Can i join you Guild? I am half irish, my father was born in Rathmore County Kerry, but lived with his Grandmother in Charleville near Cork. The other half of me is Welsh, so I am a celt.


----------



## Erestor Arcamen (Oct 21, 2005)

I'm half Irish, wow i just realized this thing is from january in 2004 hahaha


----------



## Hammersmith (Oct 21, 2005)

*Thinks for a moment*
1/8 Irish and I've been to NI a few times. Am I in?


----------



## Hobbit-GalRosie (Oct 23, 2005)

Well, I er, think I'm 'bout 1/4 Irish, but that's hard to say sometimes for folks in the U.S. so... I certainly do have a taste for the music though. Just mention the Chieftans and I DIE!!! And many and varied other bands to different degrees... and even some bands that just have some Celtic thrown in with other crazy stuff, like Raphsody's madcap blend of prog metal, rennaissance, and Celtic. This is wandering slighlty off topic, so I'll stop here.


----------



## e.Blackstar (Oct 24, 2005)

I'm a bit Irish...me grandma's 3/4.
 


And the culture itself amuses me. Ireland is the one place that I HAVE TO go before I die.


----------



## Wolfshead (Oct 28, 2005)

e.Blackstar said:


> And the culture itself amuses me.


Wrong word choice?


----------



## e.Blackstar (Oct 28, 2005)

Er...no? That's what I meant. Why, what should I have said?


----------



## AraCelebEarwen (Oct 28, 2005)

*The light catches in the long hair of the girl walking in, a shimmer of red glistening along the dark strands as they spill over the shoulder of a knitted wool shawl.*

I don't know how much, but I know that there is at least a bit of Irish in my blood. I love the art and music. There is (as far as I'm concerned) such a teasing and sad beauty woven into every bit of their song and craft. (alright, so I almost perfer the folk art mainly)

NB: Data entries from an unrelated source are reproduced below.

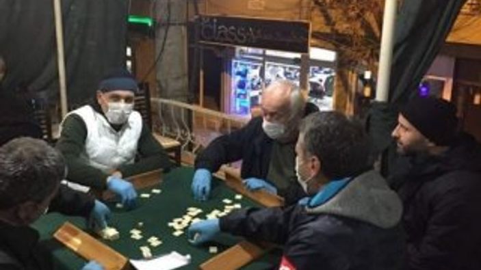 Bursa'nın İznik ilçesinde kahvehanede okey oynayan vatandaşlar, ıstaka ve okey taşlarına dokunmamak için eldiven giydi. Hava ile temas etmemek için de maske taktılar.
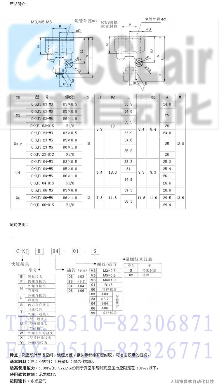 C-KJU06-M5,C-KJU06-M6, C-KUY06-01S, U型外螺接頭
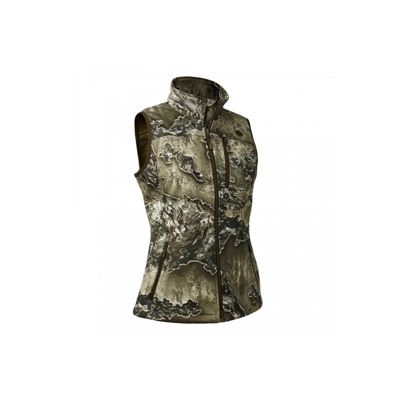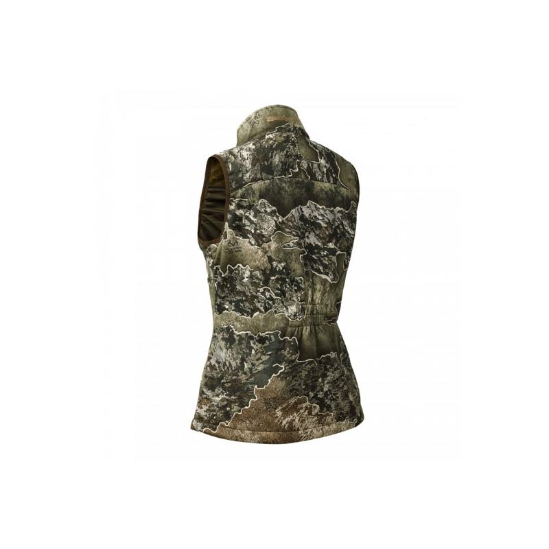 The Lady EXCAPE Deerhunter softshell vest is part of the all-season Excape collection, light, layer-friendly, available in solid color and the revolutionary Realtree EXCAPE™ camouflage pattern. Soft, silent, waterproof, and wind-resistant with the technical Deerhunter Stormliner® membrane in certain areas, this softshell vest is also highly breathable. It has many features and is designed for all types of hunting and to withstand the forces of nature. With an elastic insert at the waist and an adjustable drawstring hem, it offers a flattering and feminine fit. The EXCAPE collection is suitable for all seasons and can be layered to suit the type of hunting you do.

The hills, meadows and other mysteries of the land have a hold on something in me, though I have yet to see the land with my own two eyes. Maybe I'll see you there Black. 

There's a lot I could say I suppose... But I'll save it for later if we keep this thing going. That is, if I am allowed to stay... *flashes a grin*


----------



## Wolfshead (Oct 29, 2005)

e.Blackstar said:


> Er...no? That's what I meant. Why, what should I have said?


Hmm, to be me at least, to say something amuses you would mean it was slightly comical - "that was an amusing joke", for example, in that you found it funny, and worthy of mirth.

Your comment could be interpreted as arrogance, in that you look on it from above, and view it as you would a plaything - something without much signifigance. Not that I'm implying you do, of course.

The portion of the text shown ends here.